The heart of this instrument is represented by an integrated circuit developed in 65 nm CMOS technology, capable of processing signals and measuring position and time using hundreds of thousands of electronic channels that work independently, producing a maximum output data flow of approximately 80 Gbps (equivalent to the transfer of data contained in approximately 15 CD-ROMs every second).

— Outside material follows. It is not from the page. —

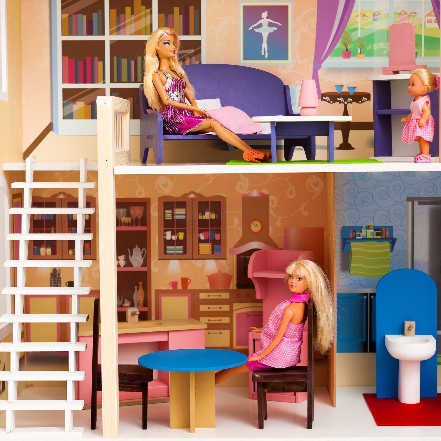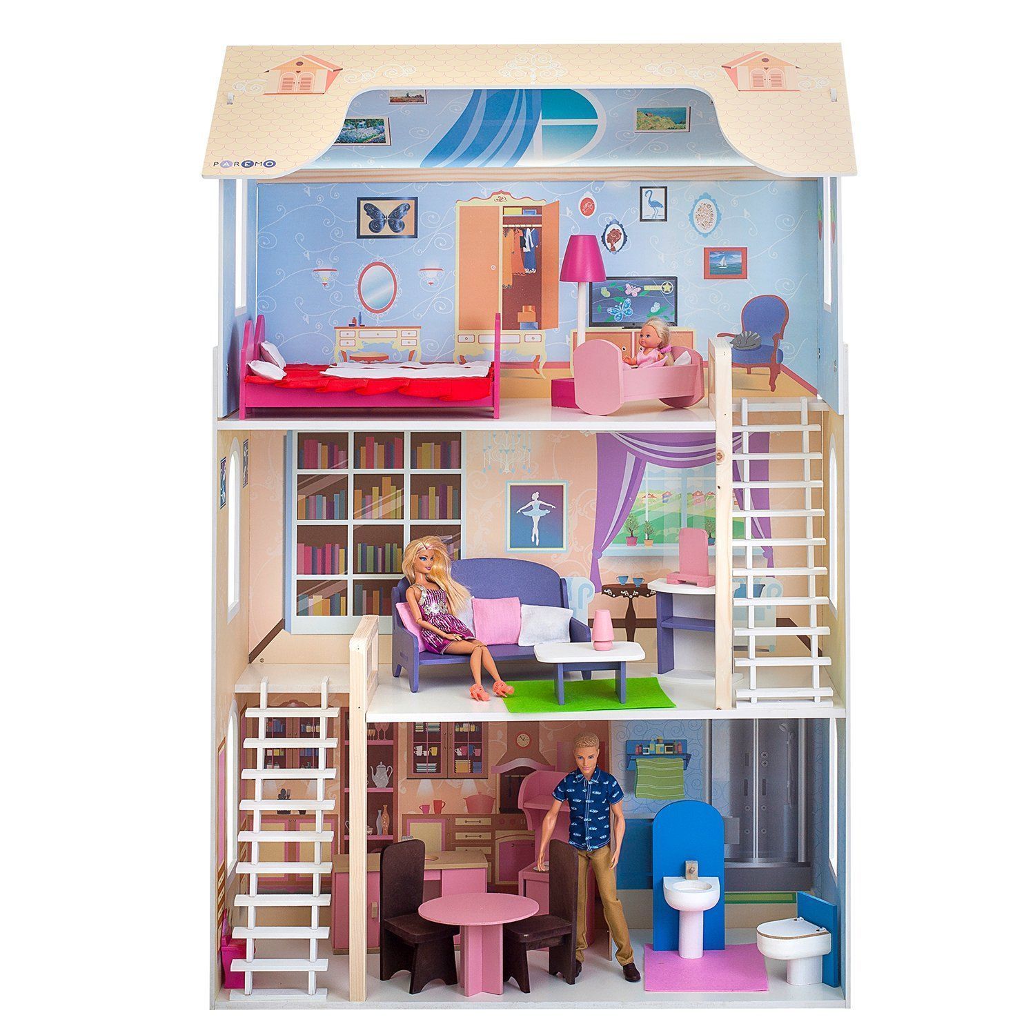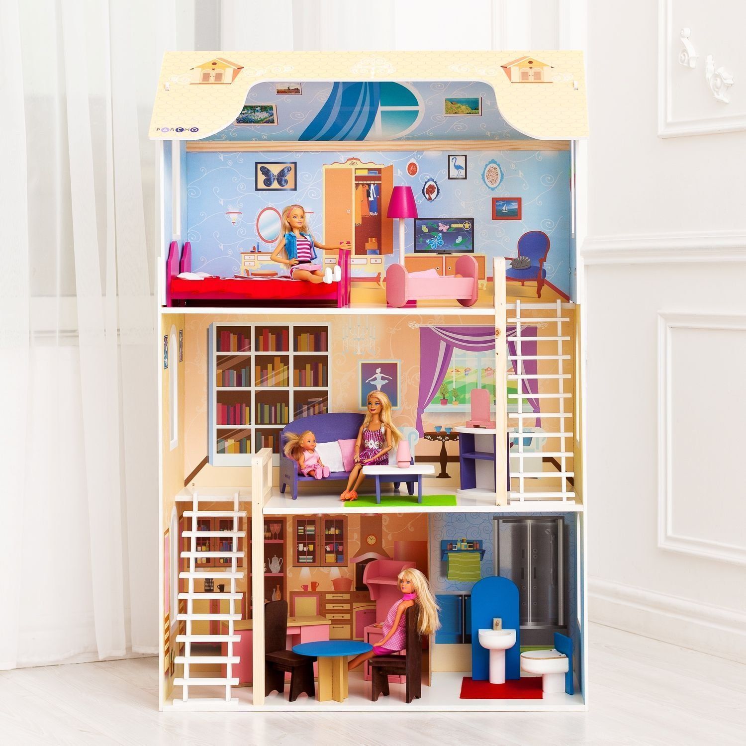 PD315-02 Деревянный кукольный домик "Шарм" с мебелью, 16 предметов, для кукол 30 см

The project foresees the application of the new detector in future experiments to high energy accelerators (for example in the high luminosity phase of the Large Hadron Collider at CERN) and will allow for example to identify charged hadrons if used in a RICH detector. (Ring Imaging Cherenkov). With the increase in brightness of the accelerators and the consequent increase in the number of particles that accumulate in the detectors, the addition of the time coordinate at the level of tens of picoseconds is of fundamental importance to be able to associate the particles that come from the same event (and that arrive simultaneously) and discard those that belong to different events and therefore arrive out of time.

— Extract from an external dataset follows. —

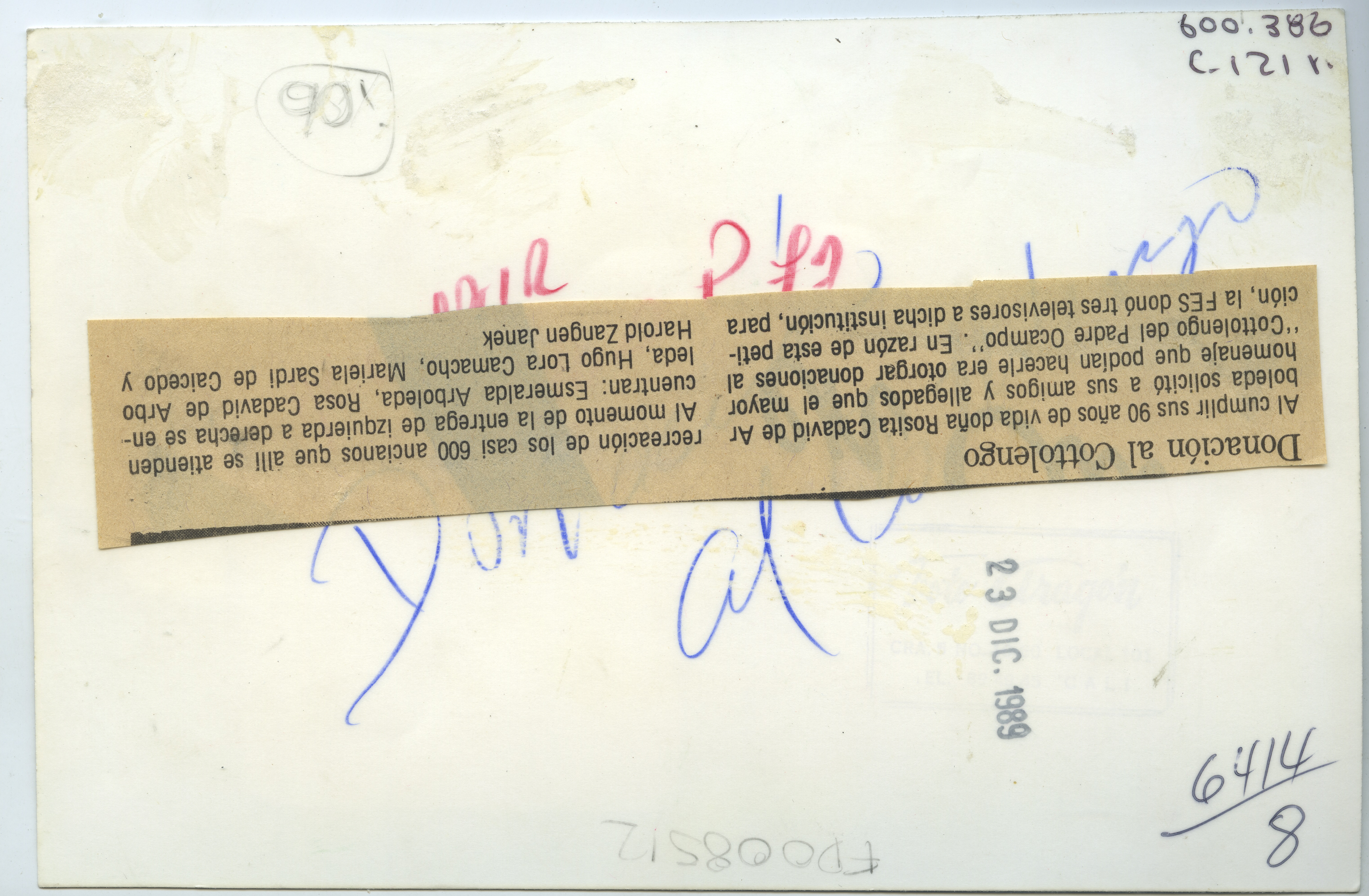 Al reverso de la fotografía se anexa recorte: "Donación al Cottolengo. Al cumplir sus 90 años de vida doña Rosita Cadavid de Arboleda solicitó a sus amigos y allegados que el mayor homenaje que podían hacerle era otorgar donaciones al "Cottolengo del Padre Ocampo". En razón de esta petición, la FES donó tres televisores a dicha institución, para recreación de los casi 600 ancianos que allí se atienden. Al momento de la entrega de izquierda a derecha se encuentran: Esmeralda Arboleda, Rosa Cadavid de Arboleda, Hugo Lora Camacho, Mariela Sardi de Caicedo y Harol Zangen Janek."

Furthermore, the detector will be used in the field of fluorescence microscopy to explore new imaging techniques, thanks to the unique combination of excellent temporal and spatial resolutions in a single instrument capable of detecting single photons at high rates. This detector will be used, for example, to measure the lifetime of fluorescent markers, and thus distinguish between different markers that have similar fluorescence spectra but different lifetimes. It will also allow us to study the temporal evolution of biochemical processes on a time scale of tens of picoseconds, opening up possible new research scenarios.